The Phase III trial of ligufalimab for first-line head and neck squamous cell carcinoma (vs. pembrolizumab) has begun, making it the first CD47 mAb to enter Phase III for solid tumors. The international multi-center Phase II trial of ligufalimab, AK117 for treating myelodysplastic syndromes (MDS) is also underway as part of AK117’s global approval process. Ligufalimab is also being investigated for acute myeloid leukemia (AML), and Phase I/II trials have also been initiated for ligufalimab combined with AK129 (PD-1/LAG-3) in classic Hodgkin lymphoma (cHL). Additionally, several clinical studies for solid tumors are underway.

The Phase III clinical trial for AK109, a novel VEGFR-2 monoclonal antibody, has been initiated in combination with cadonilimab for PD-1/L1-resistant gastric cancer.

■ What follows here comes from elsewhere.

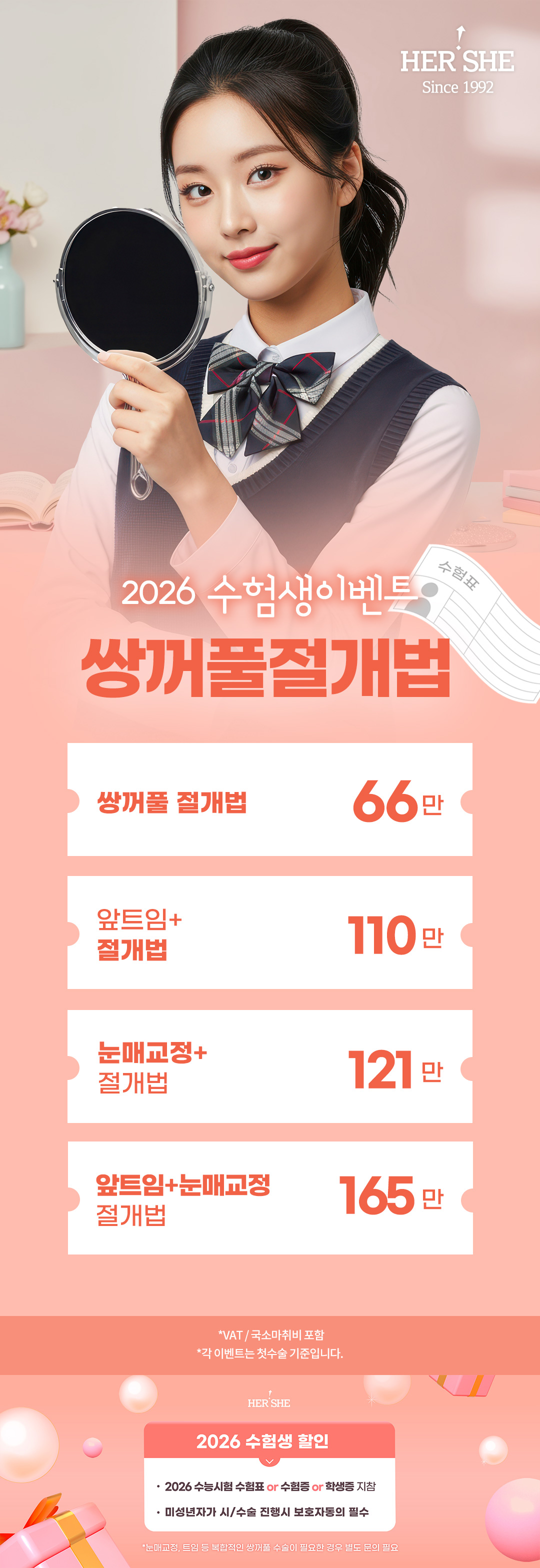 | 2026 수험생 쌍꺼풀 절개법 이벤트 2024-08-13 hit.7,276 | |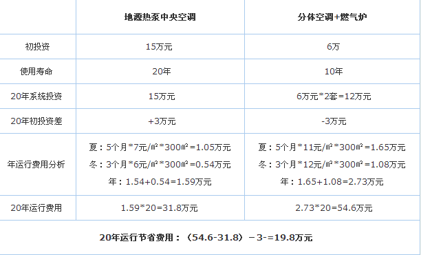 1 、初投資比較。別墅地源熱泵中央空調(diào)初投資比較機(jī)組初投資比冷水機(jī)組增加20%左右;增加打井費(fèi)用;無(wú)冷卻水塔和冷卻水系統(tǒng);無(wú)鍋爐和鍋爐房;無(wú)入網(wǎng)費(fèi)(天然氣、城市熱力網(wǎng));無(wú)儲(chǔ)油罐安全費(fèi)。

Clinical trials of other self-developed new drugs in combination with AK109 are also progressing efficiently.

Pursuing More Innovative Therapies

In the first half of the year, Akeso advanced over 10 new therapies into clinical trials, including bispecific antibodies like ivonescimab, cadonilimab, AK129 (PD-1/LAG-3), and AK130 (TIGIT/TGF-β), either in combination with each other or with other high-potential therapies. The Company also introduced its first differentiated ADC product, AK138D1 (HER3 ADC), as well as other innovative therapies into clinical research. Development is ongoing for preclinical candidates such as bispecific antibody AK137 (CD73/LAG-3), bispecific ADC trispecific antibody AK150, and new drug AK135 (IL-1RAP) for chemotherapy-induced peripheral neuropathy. Additionally, multiple candidates in ADC, mRNA, and cell therapies are actively advancing in development.

Non-Oncology Business Enters Commercialization Phase on a Large Scale

Ebdarokimab(IL-12/IL-23) for moderate to severe plaque psoriasis, ebronucimab (PCSK9) for primary hypercholesterolemia and mixed hyperlipidemia, and heterozygous familial hypercholesterolemia (HeFH), have been accepted by NMPA, with anticipated approvals in 2024-2025. Following positive Phase III outcomes, gumokimab (AK111, IL-17) for plaque psoriasis is ready for an NDA submission. Additionally, Phase III trials for gumokimab in ankylosing spondylitis and manfidokimab (AK120, IL-4R) for atopic dermatitis are progressing, with the latter having enrolled its first patient.